I also have the option of using a smartphone or a tablet if I want the "touch screen" experience as Roco has a throttle application for that purpose.

I've never owned one of the MRC units but I like the look of the handheld throttle.

One of the most advanced and cost effective command stations comes from a small company called Digikeijs.

http://www.digikeijs.com/

This nifty unit supports a variety of control buses and as such can use throttles from other manufactures. I have tested it with Digitrax and Roco throttles but there are others.

The versatility of this command station comes with a bit of a learning curve.

Frederick


----------



## DonR (Oct 18, 2012)

bewhole said:


> Thanks for all the great information from everyone.:thumbsup: Now I have to pick a Brand name to use and I will not ask here(Don't want to open that can of worms here) :laugh: I guess I was looking in the wrong places before I tried here.
> Just one more question to make certain that I do not "Burn" out anything dcc will run on dc but dc will not run on dcc?? Or is it the other way around.
> 
> Thanks again everyone.:smilie_daumenpos:


Well, it's wading in muddy waters to respond to the question of
what will run on the OTHER track.

There are DCC systems that claim they can run DC locos.
They can, but you risk burning out the motor if the
loco sits idle for much time. DCC track is a form of AC.

There are DCC decoders that enable their locos to
run on DC tracks, but not all do.

It's not a very exact response to your question because
you have two very different technologies and they
just are not well matched.

While some of our experienced modelers successfully
run locos on the OTHER power, many of us feel it
is best to run DC locos on DC tracks and
DCC locos on DCC tracks.

Don


----------



## fcwilt (Sep 27, 2013)

Don has replied to the question of DC locos on DCC and DCC locos on DC.

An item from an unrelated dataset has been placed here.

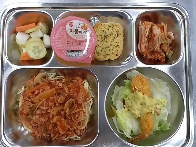 중식 : 토마토소스스파게티,새우후리타샐러드,마늘빵,야채피클,배추김치,자몽에이드

I would add myself to the list of those folks who say "just don't do it".

Frederick


----------



## rrgrassi (May 3, 2012)

Well, with the Digitrax, you can run a DC locomotive, using number 0 for the loco. that said, it is not a good idea and the square wave AC power is not good for the DC motor. That is why they "sing." It is the constant rapid back and forth motion in the motor that can melt the windings. The DCC decoder converts the AC to DC for the motion and lights on the locomotive.


----------



## bewhole (Dec 31, 2016)

Ok,Ok,Ok I will not try to run the locos I have on dcc. :laugh: When I buy the dcc system I will get a dcc equipped one to go with it. I think you could put dcc on the ones I have now but I don't know how so I will not try right now. So look for them in the for sale forum soon.
Thanks again.
ps: I like to see trains going around the layout with Puffing smoke but that would not be the right kind of smoke. :laugh:


----------



## DonR (Oct 18, 2012)

It's actually not difficult to install a DCC decoder in
most locos made in the last 15 or so years. Some
are 'DCC ready' and you simply plug in the decoder.

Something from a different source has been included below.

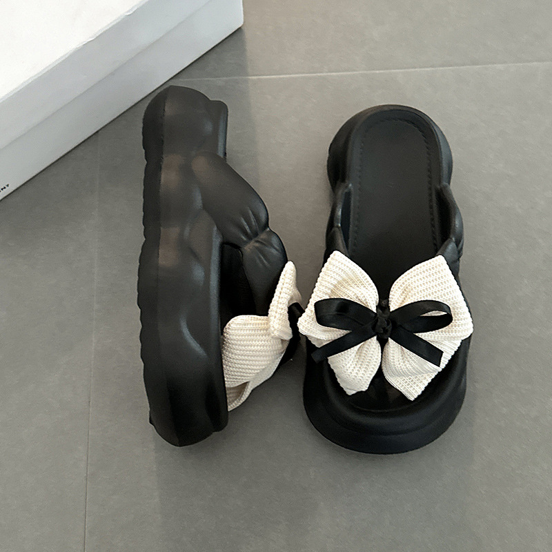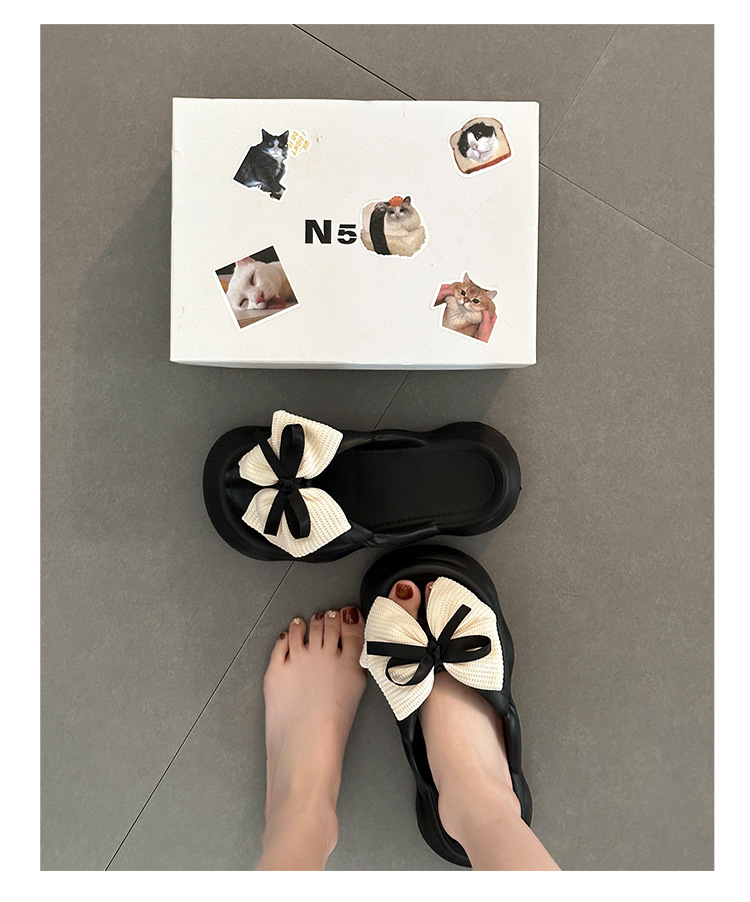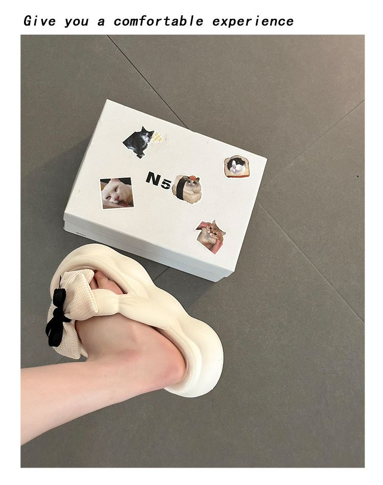 여성을위한 세련된 디자인 맞춤형 달콤한 나비 매듭 슬리퍼 2025 여름 새로운 겉옷 구름 미끄럼 방지 샌들

The remainder would require soldering of several
color coded wires but the decoder instructions are very clear
and easy to follow. You can do the chore in an hour or so.

Decoders now are selling for less than 20.00 so it's
a wise thing to upgrade, maybe one now, another
in a month or so, until you get 'em all in the 21st
Century.

Don


----------



## mesenteria (Oct 29, 2015)

If you are a sociable person who is likely to seek out others in the hobby locally, or if there's a club you might join, it is sometimes worth considering adopting the DCC system they have. If many use it, it must be reliable and utile. However, there is no need whatsoever to adopt the system anyone else uses.

The fact is that there are many dozens of systems spread across NCE, MRC, Digitrax, Zimo, Lenz, Rocco, CVP, and Bachmann, to name the most popular suppliers, that are fully interchangeable and that WORK...right out of the box. They are all reliable, they'll all run decoders, even the Mike's Train House DCS (a non-DCC, but digital, train control system that is proprietary to Mike's Train House (MTH) decoders. 

Where they differ is in features. And power consumption and power output to the rails. Please take some time to read the various sites and learn what they offer. Then figure out if you'll need Features X, Y, and Z. Or if you'll want them possibly before a year or two have passed. Always consider contingencies...we all tend to expand a bit as we age in the hobby, and I don't mean our waistlines. I mean the stuff we purchase and want to run, often at the same time. Leave some room for growth or you'll be selling stuff on eBay very soon.


----------



## bewhole (Dec 31, 2016)

Just to let everyone know that with all the help and information I have had the confidence to go and get a:
NCE - Power Cab Starter Set - 25
And a:
Bachmann - Diesel EMD GP7 - DCC Equipped -- Union Pacific #116 

Later on if I still have some dc locos left I will look into installing the decoders. I am not much on soldering tho.
Thanks again. :smilie_daumenpos:


----------



## DavefromMD (Jul 25, 2013)

I think you chose well. When I switched from DC to DCC I did a lot of research and decided on the NCE Power cab because it had the most straight forward and well laid out manual. It also steps you through programming a locomotive with simple instructions. You do not have to have a grasp of CVs to use it.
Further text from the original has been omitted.